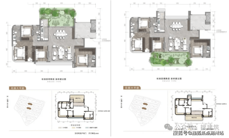 都有约6.3米的庭院挑高,露台+阳台总面积都在30平,都预留约50cm覆土深度,都与室内公区深度结合,客/餐厅得到延伸,自然又流淌进家庭生活的日常。
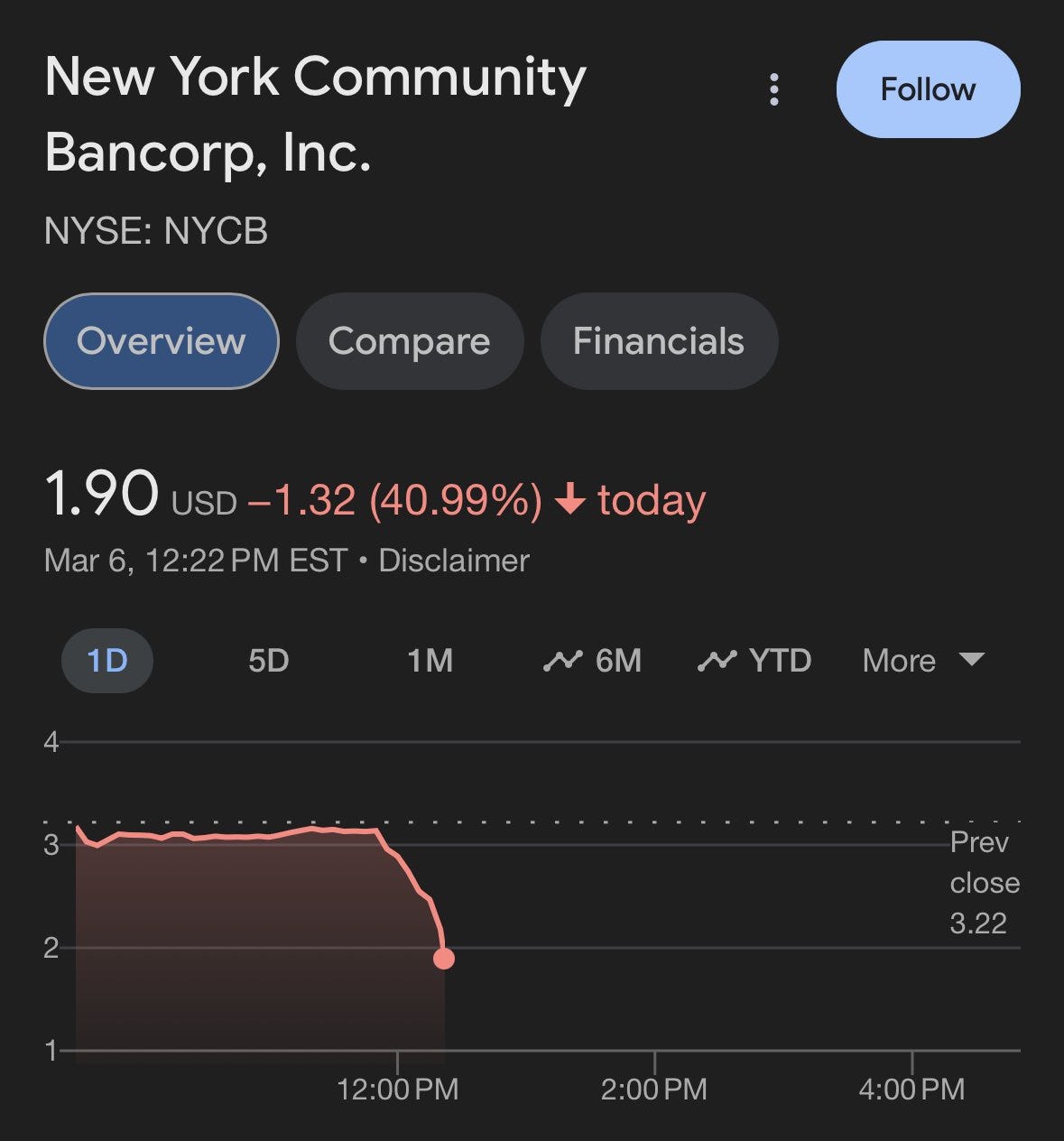 Có tin New York Community Bank đang tìm cách huy động vốn - cổ phiếu giảm > 40% sáng nay, kéo theo cổ phiếu ngân hàng khu vực giảm.
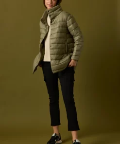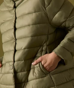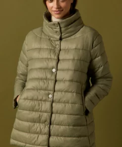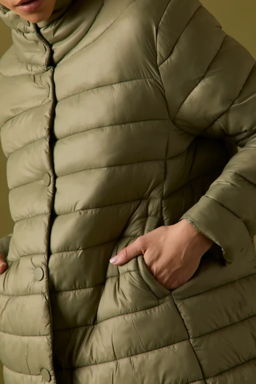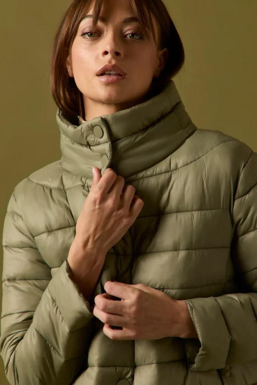 Abrigo de plumas acolchado en color verde. Cuello chimenea, manga larga, dos bolsillos laterales, forro interior y cierre frontal de botones.
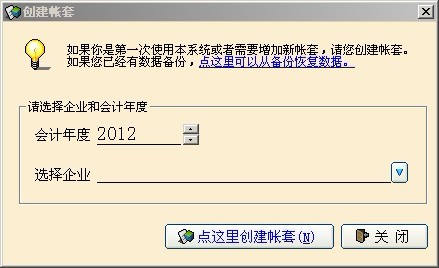 6、第一次使用软件,需要“点这里创建帐套”创建一个帐套,这个帐套将来就是保存该企业的所有财务数据的。
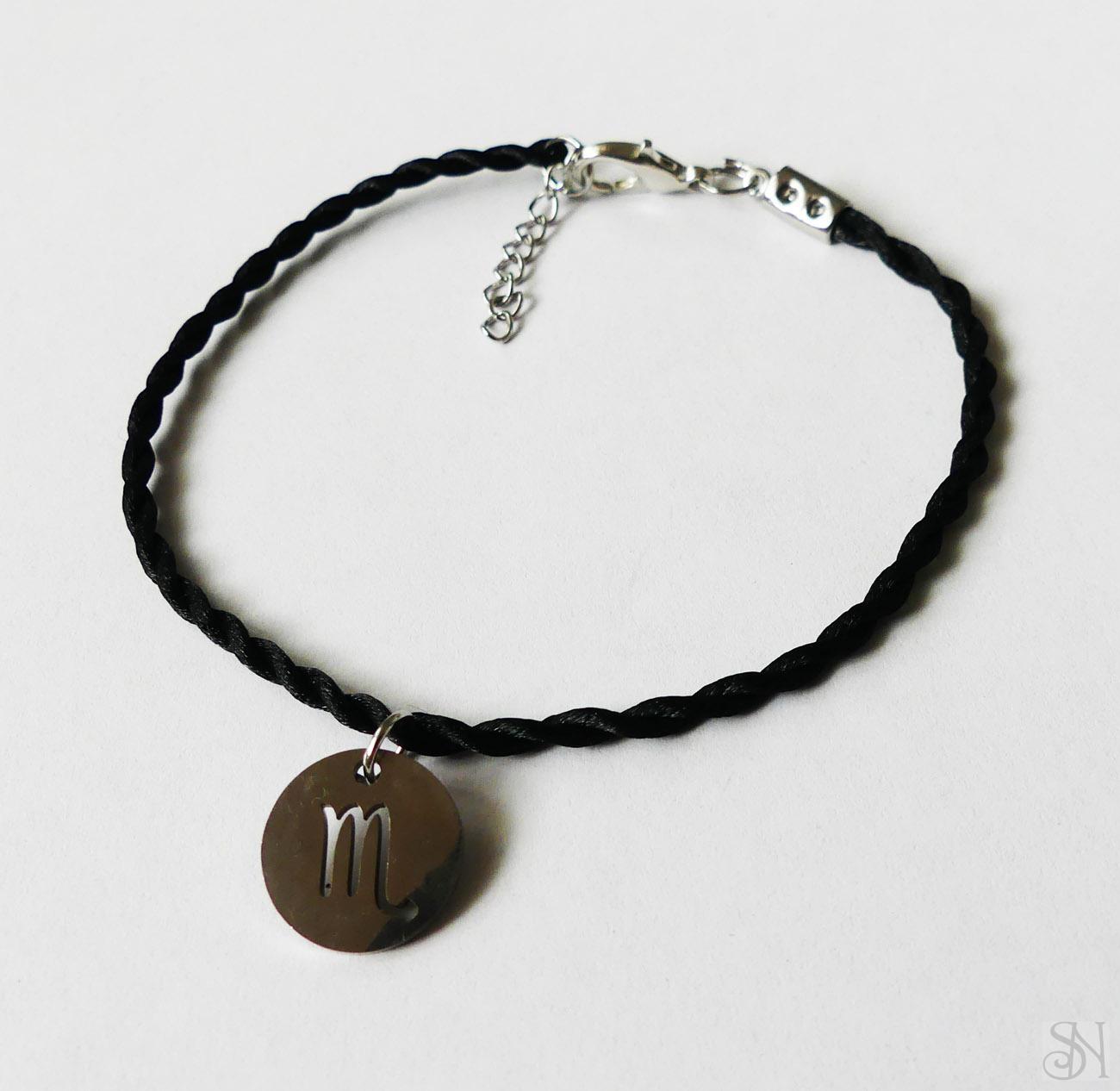Čierny náramok so znamením škorpióna s komponentami z chirurgickej ocele - vhodný pre alergikov. Náramok je vyrobený zo saténovej šnúrky.
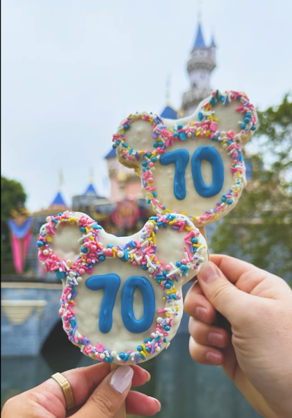But today is a little extra special because it was 70 years ago today that Disneyland opened its gates to visitors for the very first time. So please join us as we sing “Happy Birthday to you” to Disneyland all day long! If you do happen to get to Disneyland today, be sure to check out some special limited-time treats, including the 70th Celebration Mickey Cereal Treat, which is a Mickey-shaped cereal treat dipped in white chocolate, decorated with sprinkles and a blue-colored white chocolate 70…
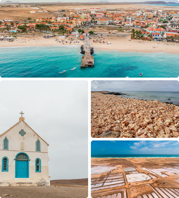 Santa María es el alma de la isla, con su playa interminable y su muelle lleno de vida. Pedra de Lume sorprende con sus salinas dentro de un cráter, donde flotar sin esfuerzo es una experiencia única. Buracona, con su famoso Ojo Azul, muestra uno de los paisajes naturales más llamativos de Cabo Verde. Y si te apetece ver la vida cotidiana, Espargos y Palmeira ofrecen un ambiente local auténtico y tranquilo.
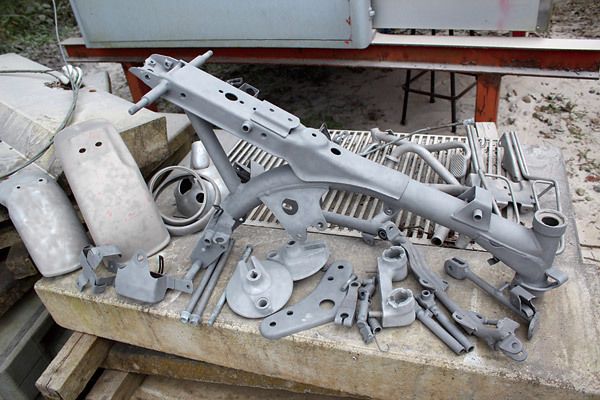 モンキーは鉄製のパーツが多いので、 車両一台分をブラストするとなると かなりの点数になります。これら全 部、素人で5時間かかりました
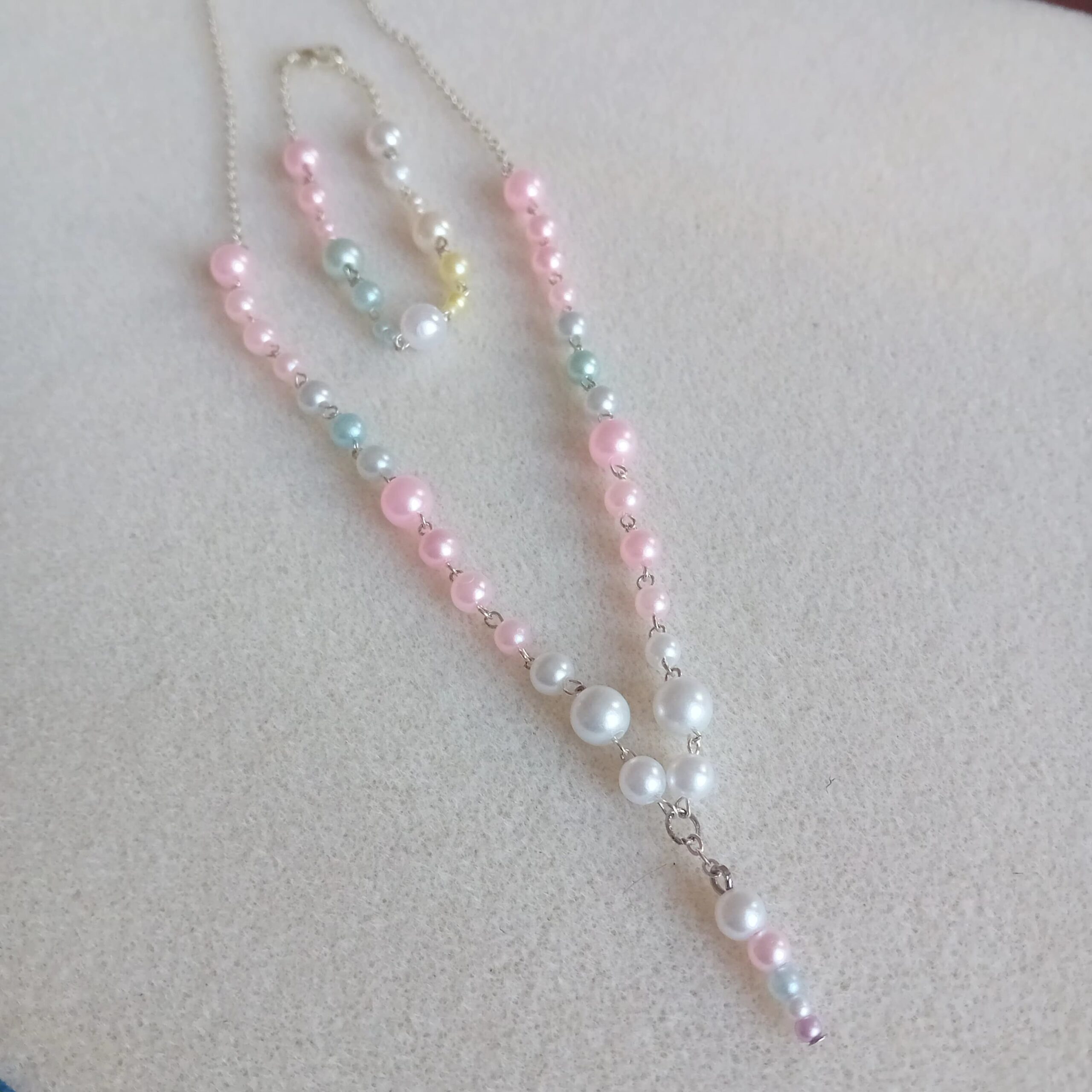 Souprava se skládá z náhrdelníku a náramku. Souprava je zpracována  metodou ketlování, tj. spojování jednotlivých korálků jehlami a využití kovového řetízku v barvě stříbra. Perličky jsou akrylové, v pastelových barvách růžové, bledě modré, žluté a bílé. Náhrdelník je dlouhý 56 cm, náramek měří 20 cm. V případě zájmu je možné délku obou šperků upravit dle přání zákazníka.
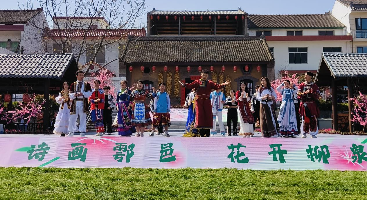 见水墨山峦,赏桃花雅集,观民俗展演,享艺术魅力。3月31日,由鄠邑区人民政府、区文旅局主办的2024年终南艺术季“诗画鄠邑,花开柳泉”系列活动,beat365官方网站专场文艺演出在蒋村街道柳泉口村举办,beat365150余名文艺志愿者参加活动。
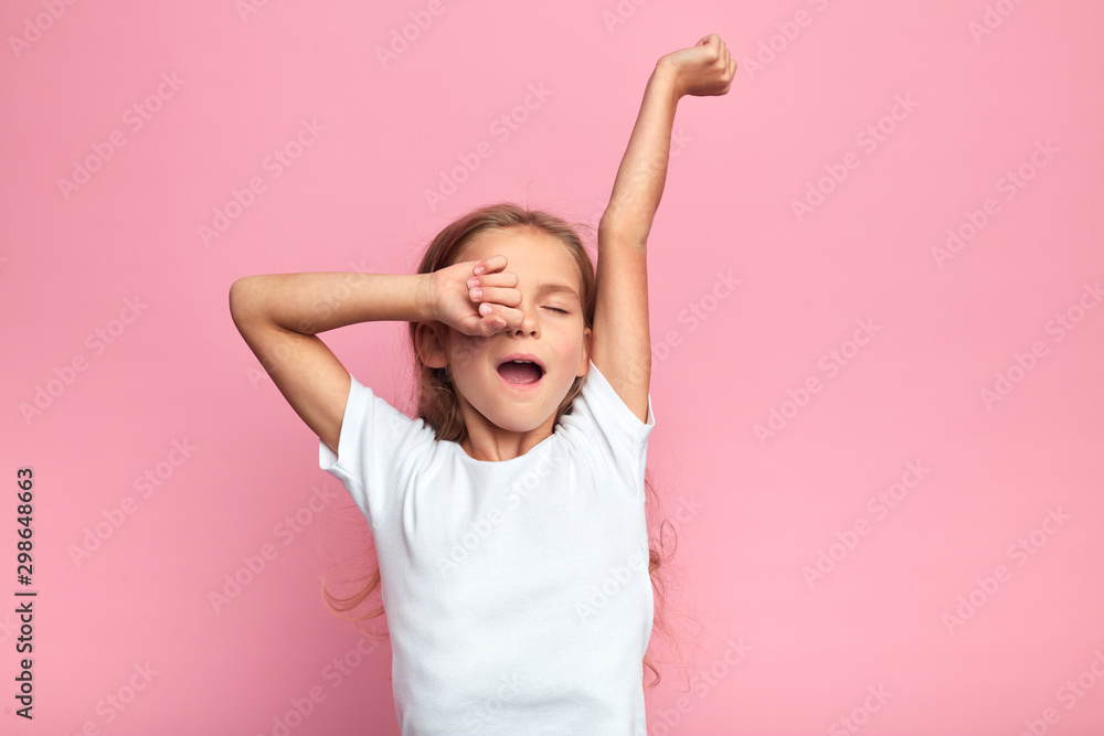 cute girl child with long blond hair yawns sweetly, stretching her arms, kid wants to sleep, isolated pink backround, tiredness. close up portrait
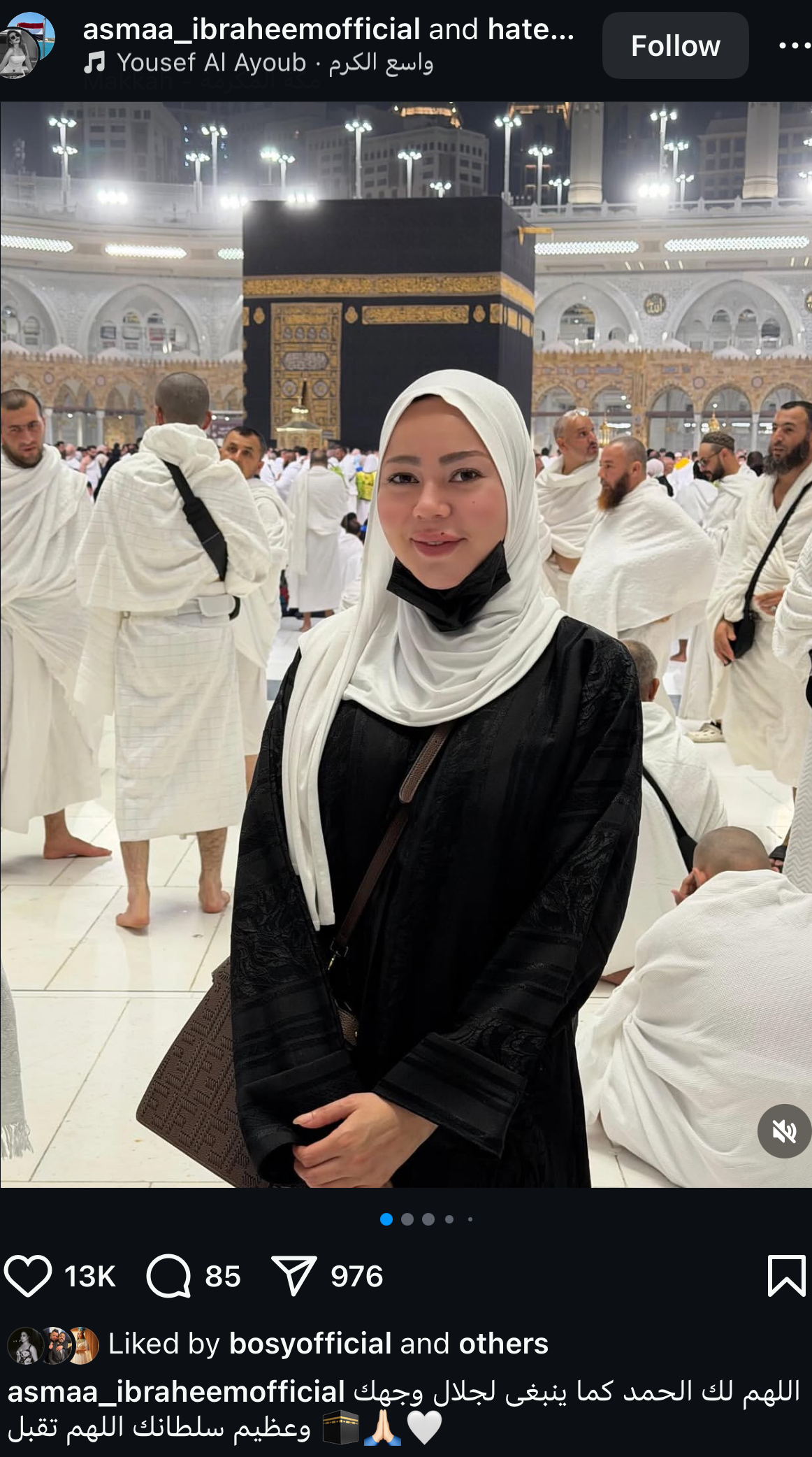 شاركت الإعلامية أسما إبراهيم جمهورها مجموعة من الصور الجديدة عبر حسابها على موقع إنستجرام، وذلك أثناء تواجدها أمام الكعبة المشرفة لأداء مناسك العمرة.

Task description => Within the entries above, give again exactly the lines starting at the one that contains "Có tin New York" and ending at the one that contains "Abrigo de plumas", leaving out the pictures.

Expected answer =>
 Có tin New York Community Bank đang tìm cách huy động vốn - cổ phiếu giảm > 40% sáng nay, kéo theo cổ phiếu ngân hàng khu vực giảm.
 Abrigo de plumas acolchado en color verde. Cuello chimenea, manga larga, dos bolsillos laterales, forro interior y cierre frontal de botones.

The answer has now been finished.